The company also argued the Lisburne spill wasn’t subject to Clean Water Act jurisdiction because the wetland spill site was not directly adjacent to navigable waters.

The judge wrote that BP employees who testified “appeared to be well qualified and knowledgeable with regard to pipeline operations.”

He was less impressed with the government’s expert witness, Jan Windhorst, whom the judge noted had not visited the Lisburne Production Center and had no experience with similar facilities.

“The Court cannot find that he provided credible evidence to suggest a violation of industry standards was a cause of this incident,” Beistline wrote.

Released from probation

Beistline concluded that “well qualified engineers simply did not anticipate the problem that ultimately developed.”

The judge noted that BP’s investigation, which the company shared with the government, found the pipeline rupture “was not caused by corrosion or improper maintenance, but was caused by a sequence of circumstances, including cooling and warming of ambient temperature after the flow stopped, which led to the freezing of both water and hydrates. This ultimately resulted in increased gas pressure within the pipeline that caused the rupture. Why the flow slowed initially remains a mystery to all.”

Beistline said BP operators, based on years of experience, “simply did not regard the low temperature alarm on L-3 as indicative of a reduced flow or blockage of the line. In hindsight, this was a mistake, but it was not unreasonable based on the state of the industry at the time of the 2009 spill.”

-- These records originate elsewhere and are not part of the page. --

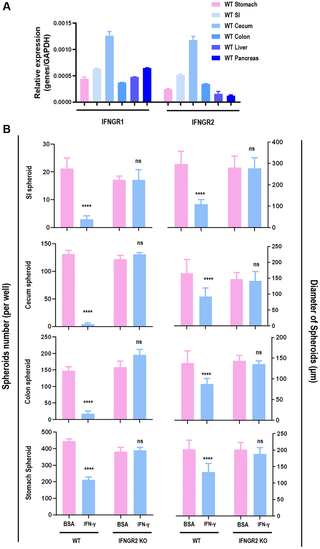 IFNγ effectively reduced the amount and size of spheroids originated from SI (p < 0.001), cecum (p < 0.001), colon (p < 0.001), and stomach (p < 0.001), but not from liver and pancreas (Figure 2, Supplementary Figures 3, 4). Since the organoids were most sensitive to IFNγ treatment, and morphologies of these organoids were normal even under 5 ng/ml IFNγ treatment (as visualized in Figure 2), samples collected for RT-PCR were considered healthy. The RT-PCR results revealed substantially lower level of IFNGR2 but not IFNGR1 in liver and pancreas spheroids as compared with those of SI, cecum, colon, stomach spheroids (Figure 3A). Knocking out IFNGR2 rendered cells irresponsive to IFNγ treatment in spheroids of SI, cecum, colon and stomach (Figure 3B, Supplementary Figure 5), suggestive of the role of the IFNγ/IFNGR2 axis in mediating the observed detrimental effects on SI spheroids as well as those from cecum, colon and stomach.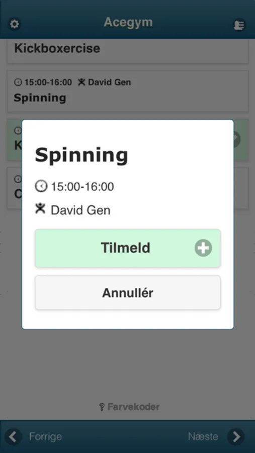 * se hvilke hold der er i det fitness center/kæde er man er oprettet i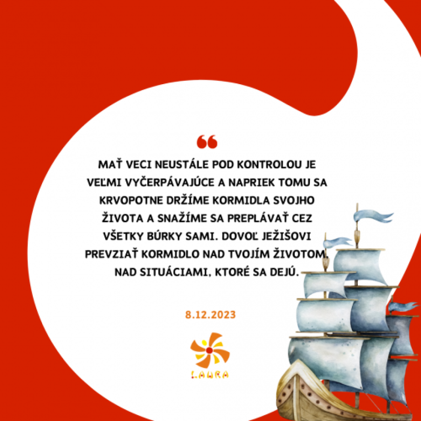 Mať veci neustále pod kontrolou je veľmi vyčerpávajúce a napriek tomu sa krvopotne držíme kormidla svojho života a snažíme sa preplávať cez všetky búrky sami. Dovoľ Ježišovi prevziať kormidlo nad tvojím životom, nad situáciami, ktoré sa dejú. To znamená, že mu veci nebudeš len odovzdávať, ale necháš na neho, ako dopadnú. Nebudeš Ježišovi kafrať do práce. On vie, čo robí.

The judge added that industry standards didn’t require a flow monitor on a common line such as L-3.

He declined to find BP in violation of its probation under either state law or the Clean Water Act, saying negligence wasn’t proved.

He also noted that once the spill occurred, BP “acted quickly and responsibly and without regard to cost” in cleaning it up, such that “an untrained observer would likely be unable to find any indication that a spill had occurred.”

However, Beistline offered an admonition: “BP is now clearly on notice of the potential that a freeze up could occur within an 18 inch common line that is part of a looped line system and that a freeze up could cause the pipe to burst. It is incumbent upon BP to make sure this does not happen again.”

At the end of his ruling, Beistline dismissed the petition and released BP from probation.